Borealis – Illusions (AFM Records)

Wednesday, 5th October 2022
Rating: 9 / 10

Canadian progressive power metal act Borealis have been steadily climbing the ranks through consistent, quality studio output as well as impressive live performances across North America and Europe through festival/ touring opportunities. Choosing to continue the storyline introduced on their last record The Offering, just given that viewpoint twist of the various children working through trauma events years later that shapes lives in unique ways – the longer downtime between records for Illusions really enhances the totality of the performances and songwriting, sprouting a fuller, detail-oriented experience that pays monumental dividends.

Bigger payoffs take place in terms of the layers of riffs, harmonies, hooks, plus melody possibilities track to track – as there’s more to peel off that may seem one way on the surface, only to deserve deeper inspection through subsequent processing/exposure. The guitar tapestry between vocalist Matt Marinelli and Ken Fobert creates volleys of shimmering rhythms, supportive harmony/melodic runs in addition to ear bending break highlights – “My Fortress” and the calmer to chugging contrasts throughout “Abandon All Hope” two tantalizing arrangements that speak to these earworm components. Allowing guest musician Vikram Shankar to showcase his multi-dimensional sonic palate throughout in his keyboard/orchestration work gives the record that broader, spacious or larger than life/cinematic accents easily heard on “Ashes to Rain” through specific, pulsating swirls or contrasting heavier sequences during “Believer” to heighten tension/ emotion as momentum builds over the course of its 5:33 time frame. Female vocal support from Christine Hals during the shorter “Illusions” intro sets the mood of the record off in resplendent glory, while Lynsey Ward registers thoughtfully as a duet partner for the majestic, ethereal ballad “Burning Tears” – a feather in the cap of the band to place prime time players in proper positions for the end cause of coloring already excellent performances into off the charts, game changing ones. The concluding eleven-minute plus “The Phantom Silence” showcases Borealis at their dynamic best – riffs that pull from melodic death, progressive, and power angles, diverse tempo changes, guitar/keyboard parts weaving in, out, and around the verses, a mid-section atmospheric transition before the bombast/aggression cascades shift into a dramatic finish.

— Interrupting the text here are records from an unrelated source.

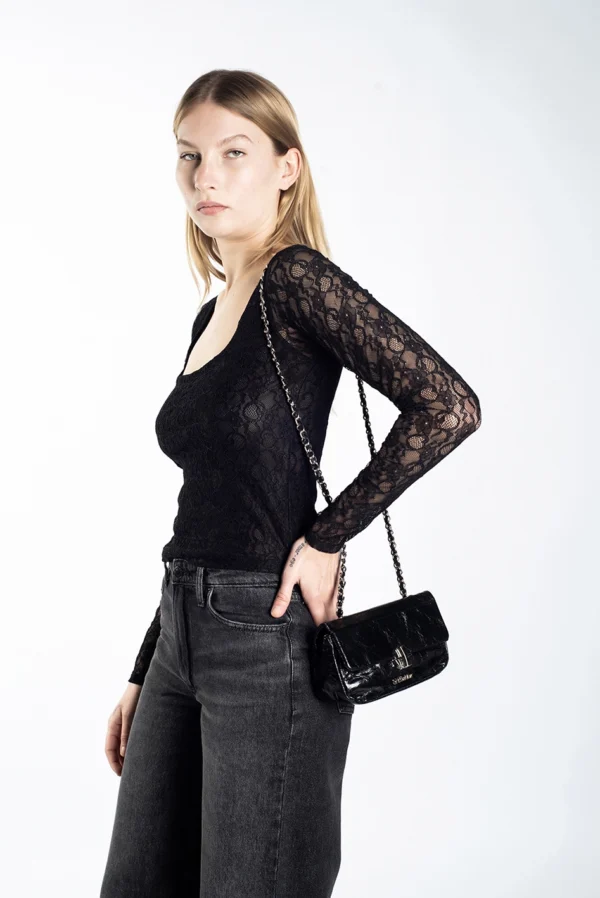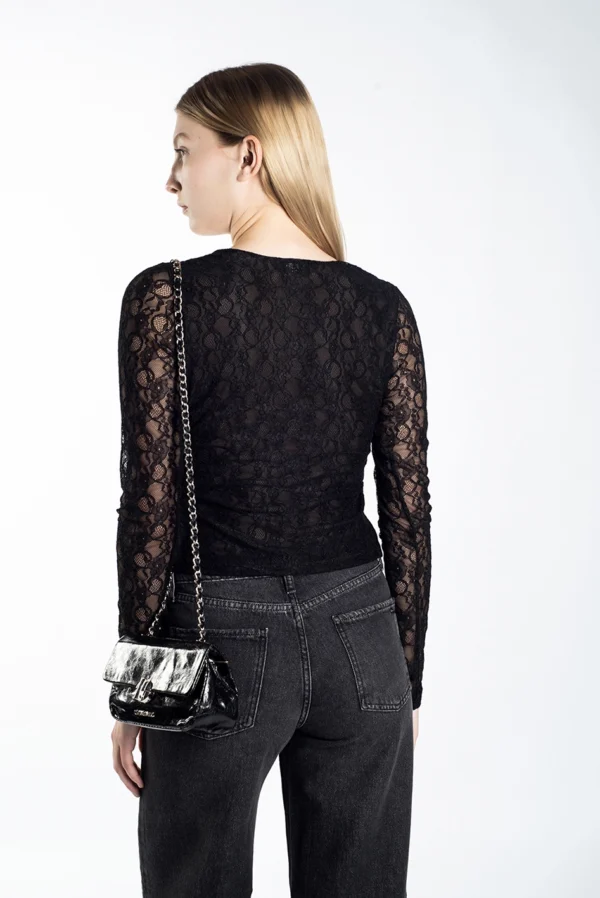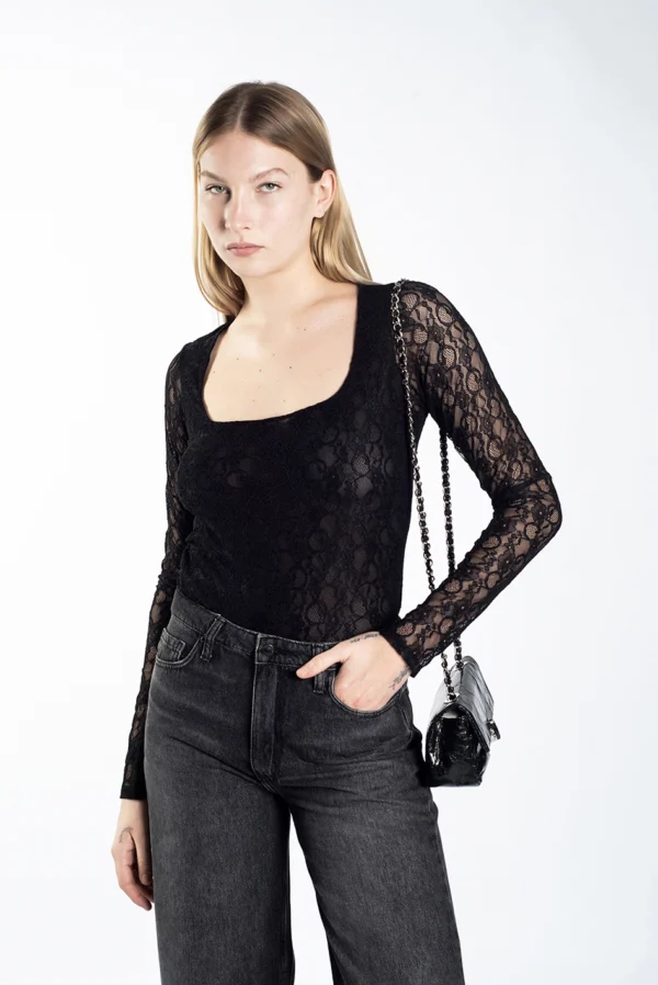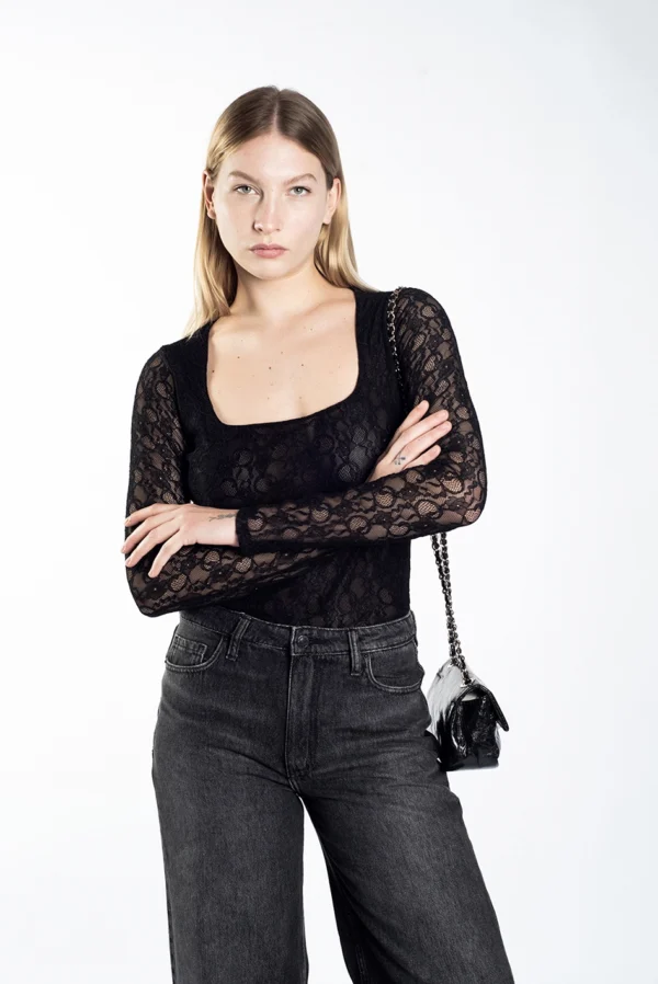 Remera escote recto y mangas largas, de calce anatómico, confeccionada en tull con lycra.
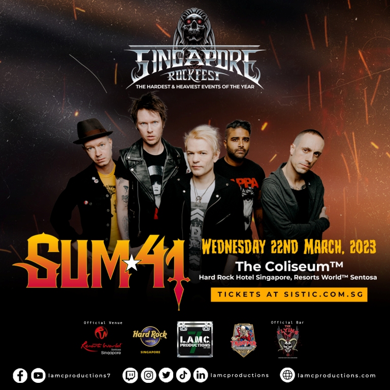 Alternative punk rockers Sum 41 are bringing their frenetic energy to Singapore! Catch Sum 41 on 22 March 2023 at The Coliseum™, Hard Rock Hotel Singapore, Resorts World™ Sentosa as part of the Singapore Rockfest Concert Series. Tickets on sale FRIDAY, 27 JANUARY, 10am at Sistic.
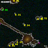 Black segments are analyzed here. Roll mouse over color images to view segments. Best viewed in a wide browser window (1200 pixels or more). Download SED & P(z) plots to view larger versions.

Lest we not forget the challenging duties of drummer Sean Dowell to engineer/mix all these sounds into a fair, cohesive record and you understand that Borealis for Illusions continues to boldly embrace a love of progressive power metal with teeth, dynamic intent, moving listeners who crave material that isn’t disposable. Ideal for people into Evergrey, Symphony X, and others in that ilk.